Getting and querying data from the Snowflake Data Marketplace is dead simple and built on a very powerful premise. After 3 clicks of the mouse, I have data that is ready for analysis and always in sync with Starschema’s or Wundermand’s latest updates. This means I have instant access to a single-source of truth on COVID-19 cases as reported by public health authorities around the world along with key economic drivers to enhance my data.
Getting Started
First, you will need a Snowflake account if you want to run these queries.
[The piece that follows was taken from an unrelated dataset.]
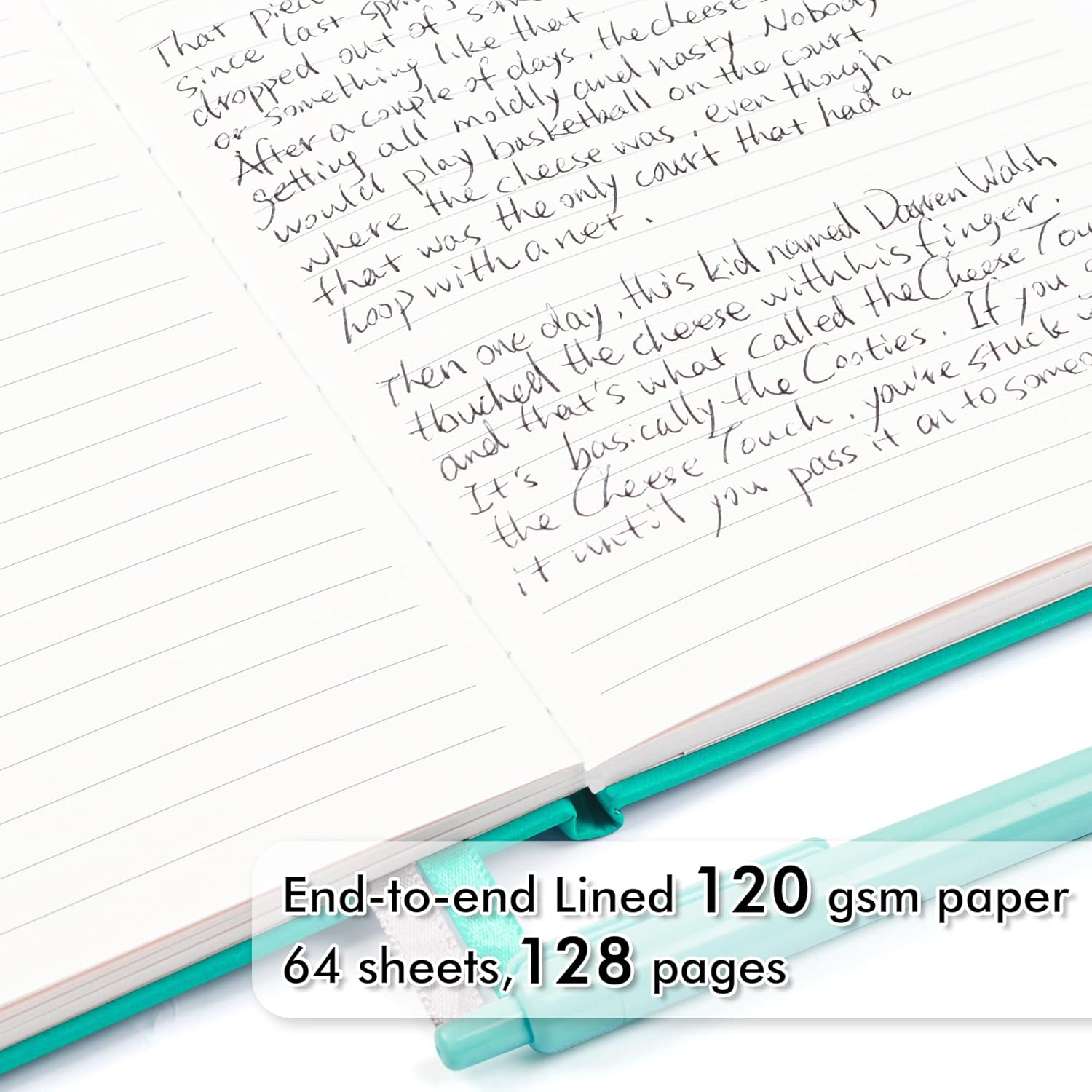feela 5 Pack Notebooks Journals Bulk, Hardcover Notebook Classic Ruled Lined Journals with Pen Holder for Women Girls School Business Supplies, with 5 Black Pens, 120 GSM, 5.1”x8.3”, A5, Aqua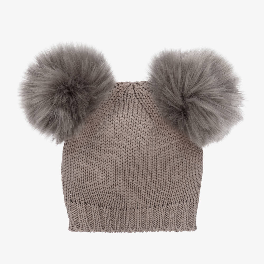 A fun grey hat for girls by Italian brand Catya, knitted in soft Merino wool. This cosy accessory has large faux fur pom-poms on the top. The ribbed edge has extra stretch for a comfortable fit and feel.

Snowflake offers free trials (link) to get started, even with these powerful datasets. If you have an existing account you must be the ACCOUNTADMIN to follow along. Grab a full copy of the SQL file (here).
Login to your Snowflake account and switch your context to ACCOUNTADMIN.

Browse to the Data Marketplace.

Get the Starschema COVID-19 set by browsing to the Health category or searching.

Get the data and assign to roles that need access, keep the name as “STARSCHEMA_COVID19” or the later queries will not work.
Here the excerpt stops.